¿Hay algo más triste que comer solo? Comer solo rodeado de locos.
Llevo toda la semana comiendo solo porque salgo de la oficina a las 14.00 para ir a la ¿clínica? de rehabilitación, y no termino hasta las 15.20, cuando todos mis compañeros están volviendo a sus mesas. Si esta semana habéis visto alguien jugando con los tenedores y los panes como Chaplin en La Quimera del Oro, o haciendo ventriloquia con la comida, como Carlos Arguiñano, ya sabéis de qué soy capaz.
El martes probé a comer un sándwich y volver rápido a la oficina, pero a las 18.00 decidí, puño en alto y con un cielo rojo sangre al fondo, poner a Dios por testigo de que no volvería a pasar hambre. Ni siquiera las barritas de cereales que guardo en el cajón para casos de extrema necesidad, como los exploradores llevan sus bengalas, consiguieron apaciguar el agujero negro que se había creado entre el cardias y el píloro.
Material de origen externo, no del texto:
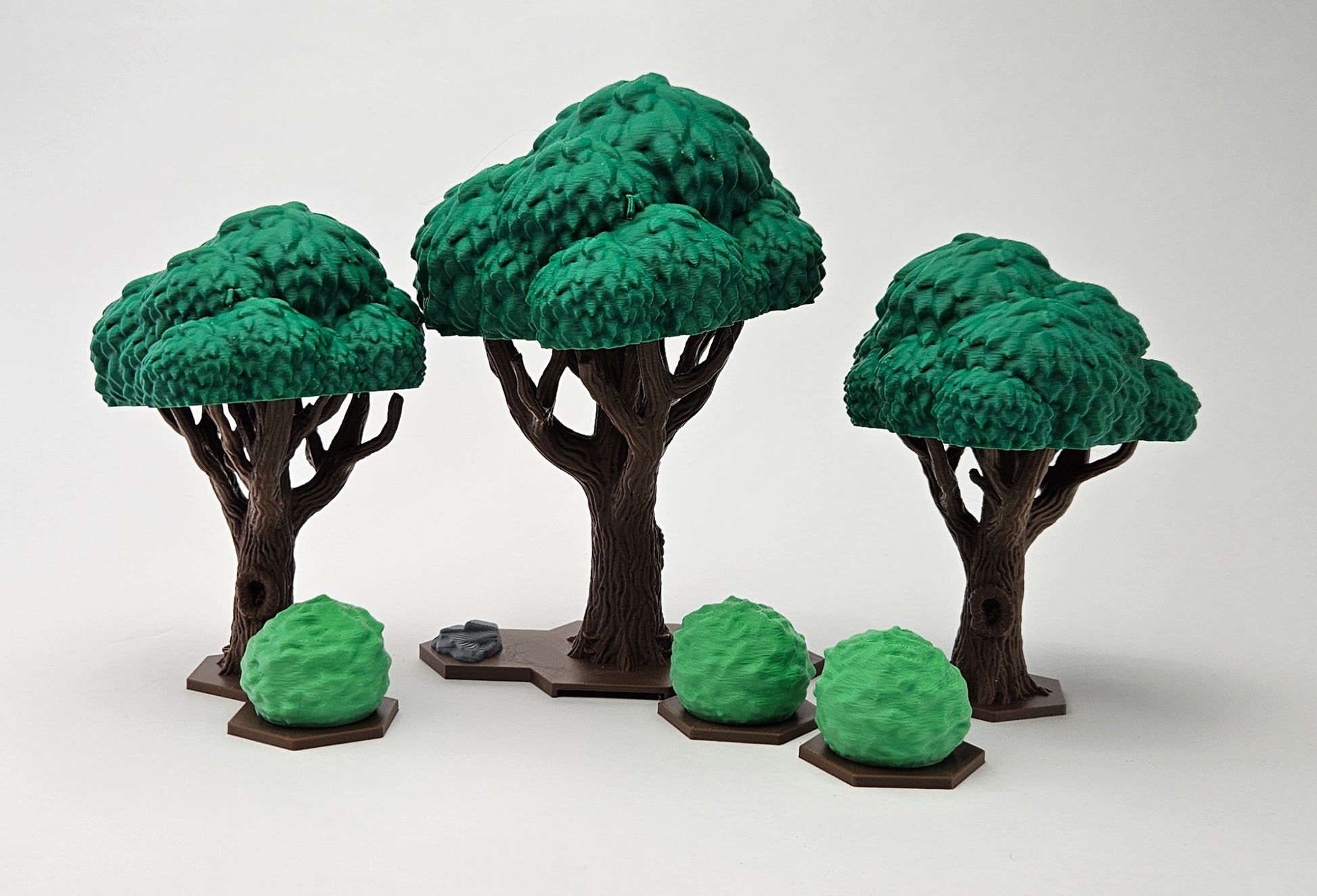 Broad oak canopies and clustered shrubs bring a sense of fullness to your Heroscape landscape. Each piece integrates neatly with hex layouts, creating gentle visual breaks and organic cover. Layered bark and leafy texture lend depth to every board. Balanced design meets handcrafted charm. Model inspiration / credit: @johnhancock55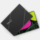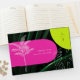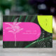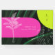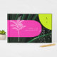 Neon rosa och gult visas över mörken handflatan löv med monogram, namn och datum och vita teckningar i handflatan löv.

Ayer terminé aún más tarde. Serían las 15:40 cuando concluí mis 5 ejercicios de 10 minutos cada uno para el tobillo, el masaje, el microondas en la espalda, el láser y los 15 minutos de hielo para la rodilla (no, no me construyeron con piezas de un desguace). No tenía mucho tiempo, así que entré al primer bar que encontré para comerme un plato del día sentado en la barra. Así sería más rápido. Lo que no sabía es que iba a asistir a una conversación alucinante entre la reencarnación de Akenatón, Arthur C. Clarke y Tristanbraker.
Escuchar a una señora rubia (Country Colors Tinte Sahara 20) con su copita de coñac, hablar con el camarero (uniforme triste, cara triste, figura triste) acerca de que la civilización egipcia era mucho más adelantada a la nuestra (por no hablar de los Incas, claro), y que nosotros nunca volveríamos a alcanzar un desarrollo similar, consiguió que la empanadilla se me quedase helada en los dedos, a medio camino de la boca.
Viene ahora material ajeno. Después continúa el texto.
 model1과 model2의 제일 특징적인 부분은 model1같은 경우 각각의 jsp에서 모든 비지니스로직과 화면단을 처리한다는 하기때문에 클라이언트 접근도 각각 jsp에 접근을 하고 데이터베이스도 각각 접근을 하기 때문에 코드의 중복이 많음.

A esto que llega el taxista (taxista estándar, mal encarado y humor de perros) y se incorpora al nuevo tema de la tertulia: Country Colors cuenta aún sobrecogida, 23 años después, su primer avistamiento OVNI. “¿Tú es que no crees en eso?”, me pregunta. “Señora, yo solo creo que el pollo está demasiado seco”. La conclusión a la que llegaron, lo juro, es que existe vida ahí fuera (¡Bien, Mulder!) y que nos están dirigiendo, aunque no dedujeron hacia dónde.
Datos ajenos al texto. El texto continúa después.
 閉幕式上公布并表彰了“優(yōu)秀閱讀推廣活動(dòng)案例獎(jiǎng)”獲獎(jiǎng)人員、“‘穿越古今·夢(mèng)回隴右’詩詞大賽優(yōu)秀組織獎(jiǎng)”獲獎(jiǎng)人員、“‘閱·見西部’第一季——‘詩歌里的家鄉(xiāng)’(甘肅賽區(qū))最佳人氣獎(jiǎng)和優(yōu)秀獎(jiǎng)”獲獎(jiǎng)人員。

¿Así que nuestros hilos no los mueve ZP, sino bichos verdes con ojos almendrados de 10 cm de diámetro? “Pues no, no quiero café ni postre. Cóbreme, por favor”. Solo quería salir cuanto antes de allí a arrasar con las pilas y los víveres del supermercado para rellenar mi búnker antinuclear.
Además el cocinero ya estaba empezando a mirarme con cara de “Sabe demasiado”, y no quería acabar convertido en azúcar glass por el disparo de la recortada láser, regalo de los plutonianos, que guarda detrás de su colección de revistas de Año Cero.